The staff of Victim/Witness Services of South Philadelphia, Inc. (V/WSSP) works to provide victims of crime with as much assistance needed.

The agency located on 1426 South 12th St. in South Philadelphia, was founded over 20 years ago with the mission to provide direct assistance to crime victims, witnesses and their families.

The five staff members of the organization work diligently with victims to answer questions about court and police procedures, accompany victims and witnesses to trials at the Criminal Justice Center and provide short-term crisis counseling with referrals to counseling services.

“The courtrooms can be really overwhelming,” said Alison Sprague, executive director of V/WSSP. “We’re there to give basic information support — explain what the next step is in the process.”

Sprague, a South Philadelphia resident, is one of the founding board members of the organization and has seen how the organization has assisted victims with both financial and emotional support throughout the years.

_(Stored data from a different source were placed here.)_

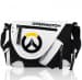 Messenger Bag made of solid cotton canvas with a big embroidered "Overwatch" logo on the flap. The messenger bag has 2 outer compartments and a pouch on the side for a smartphone or similar gadget. The inside features another zippered compartment and a split compartment with cushioning for a laptop up to 15" in size. The inside of the bag is lined with fabric that features printed icons from the game, the flap closes with magnetic buttons.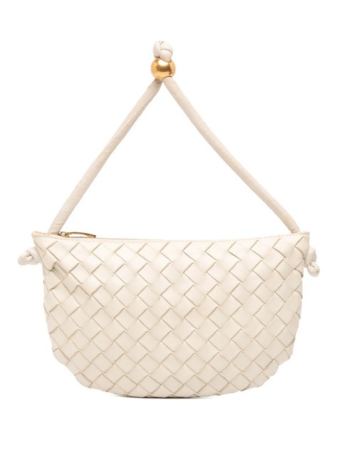 woven lambskin leather body rolled leather handle top zip closure white Serial Number: B0 This item has no inclusions. Condition: GOOD. This previously owned and used item is in good condition with minimal signs of use. This may include fading of material or plating and scratches. Please refer to the photos on this product page for a detailed view of the item, including any damages declared.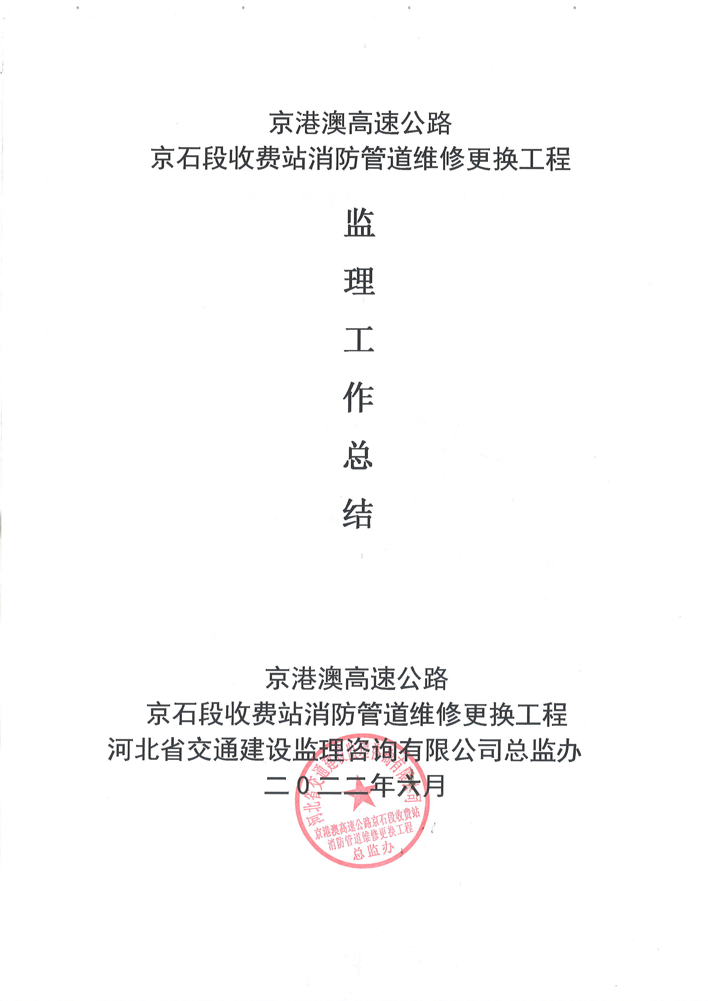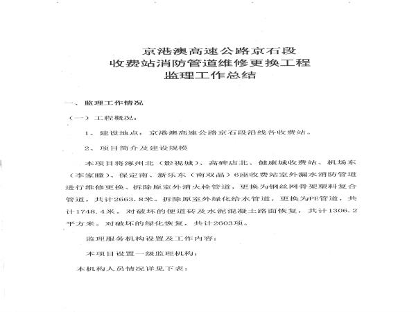 2022年京港澳高速京石段收費站消防管道維修更換工程監(jiān)理工作總結(jié)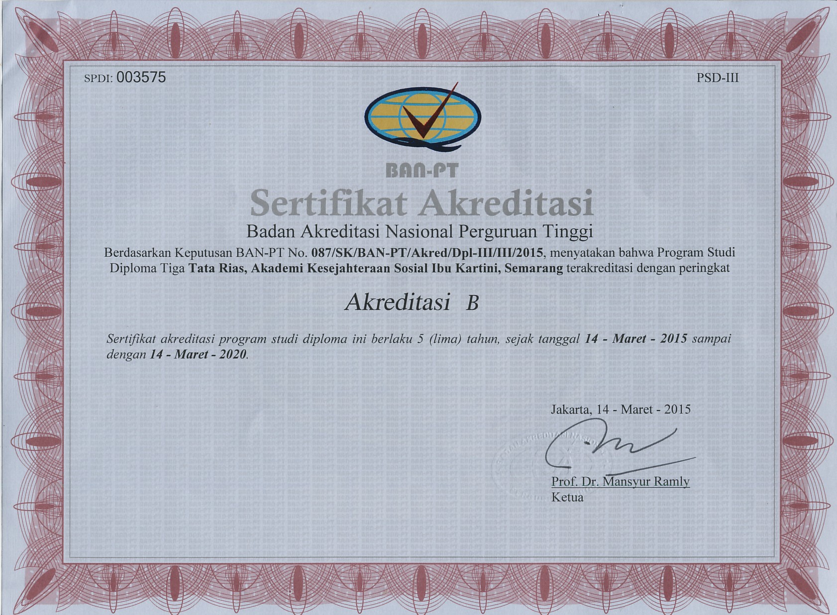 Download SERTIFIKAT Prodi Tata Rias No. 087/SK/BAN-PT/Akred/Dpl-III/III/2015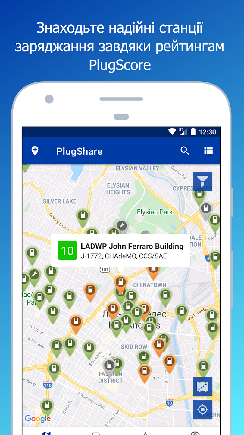 PlugShare: карта зарядних станцій ЕМ та Tesla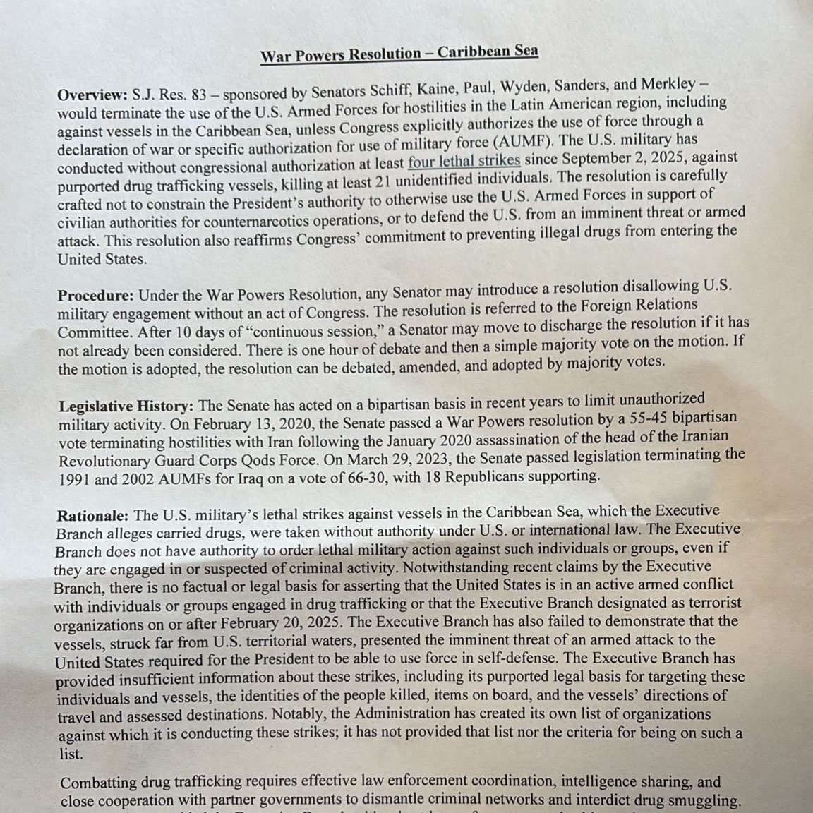 Esta resolución es una respuesta directa a la reciente política de la administración Trump, que suspendió la diplomacia y declaró un «conflicto armado no internacional» contra los carteles de la droga, utilizando esta justificación para los ataques en el Caribe.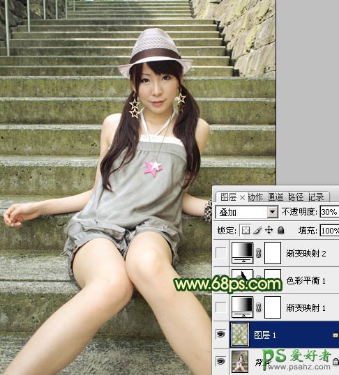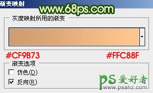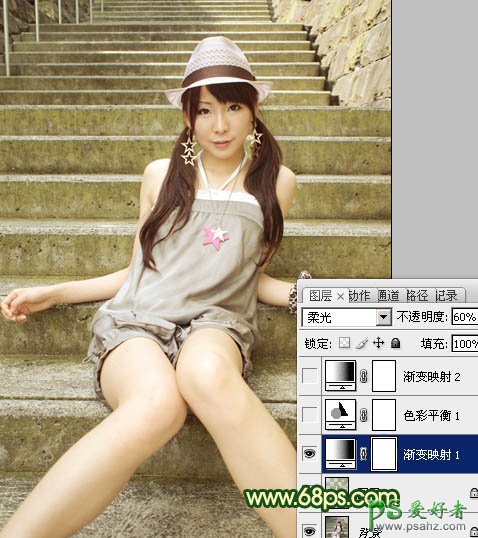 2、创建渐变映射调整图层,颜色设置如图2,确定后把图层混合模式改为“柔光”,不透明度改为:60%,效果如图3。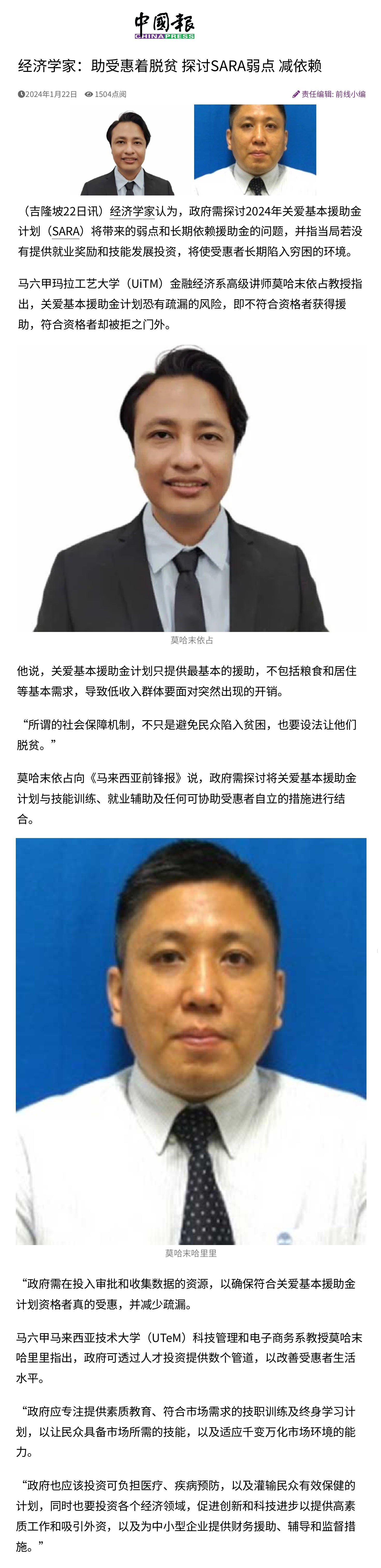 经济学家:助受惠着脱贫 探讨SARA弱点 减依赖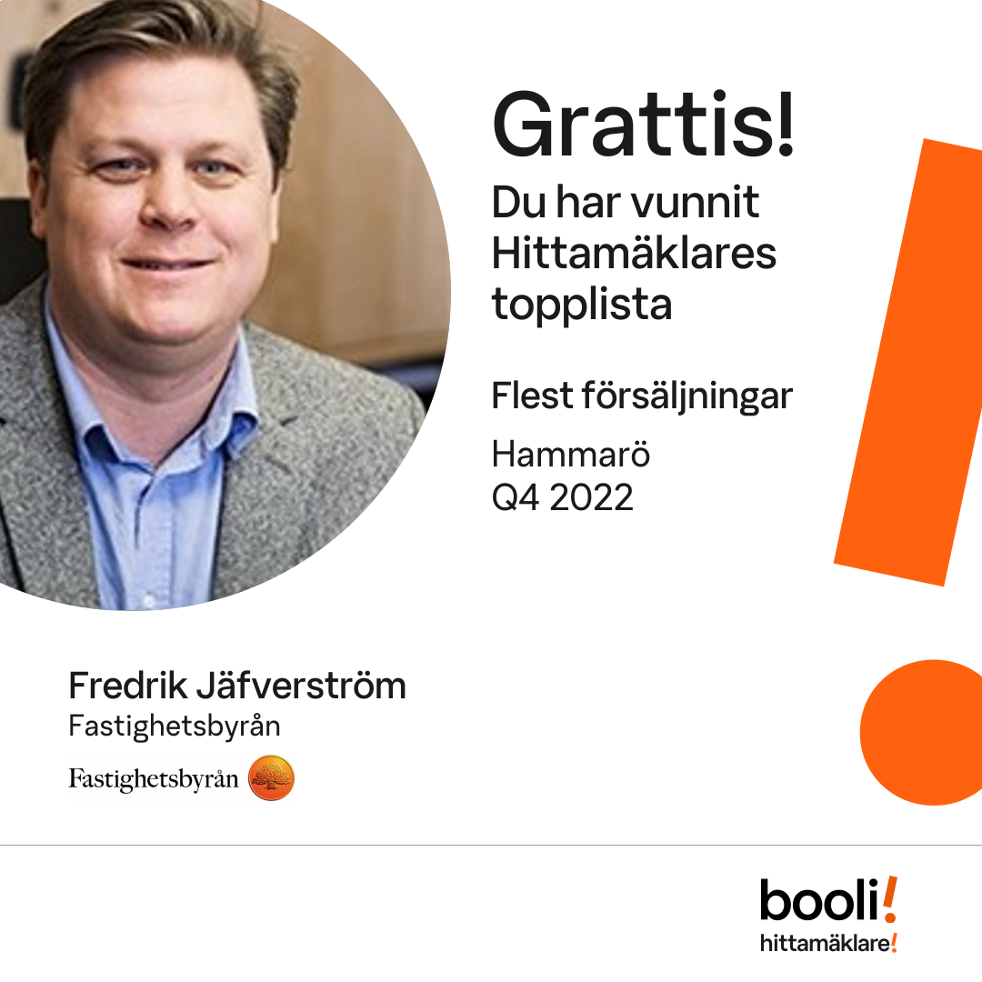 Statistik för publicerade bostäder, försäljningar och omdömen baseras på data från Booli och Hittamäklare. Statistiken för försäljningar avser inrapporterade och verifierade slutpriser från mäklare eller av Booli inhämtade och verifierade slutpriser. Statistiken för publicerade bostäder baseras på information som publicerats på Booli.se. Statistik för omdömen och rekommendationer baseras på omdömen från säljare som lämnats via Booli och Hittamäklare.

Whether it’s to pay for a victim’s parking fee to attend court, replace items that may have been stolen — like a pair of glasses or breakdown the criminal justice system to someone who may not understand, the organization aims to make its presence felt in South Philadelphia.

V/WSSP serves the victims of South Philadelphia through the Pennsylvania Crime Victim’s Compensation Fund.

It is a state run fund that provides victims with reimbursement of medical and other expenses, including psychological counseling. V/WSSP receives its funding from the federal Crime Victim Fund, established by the Victims of Crime Act (VOCA) in 1984. The fund is financed by fines and penalties paid by convicted federal offenders.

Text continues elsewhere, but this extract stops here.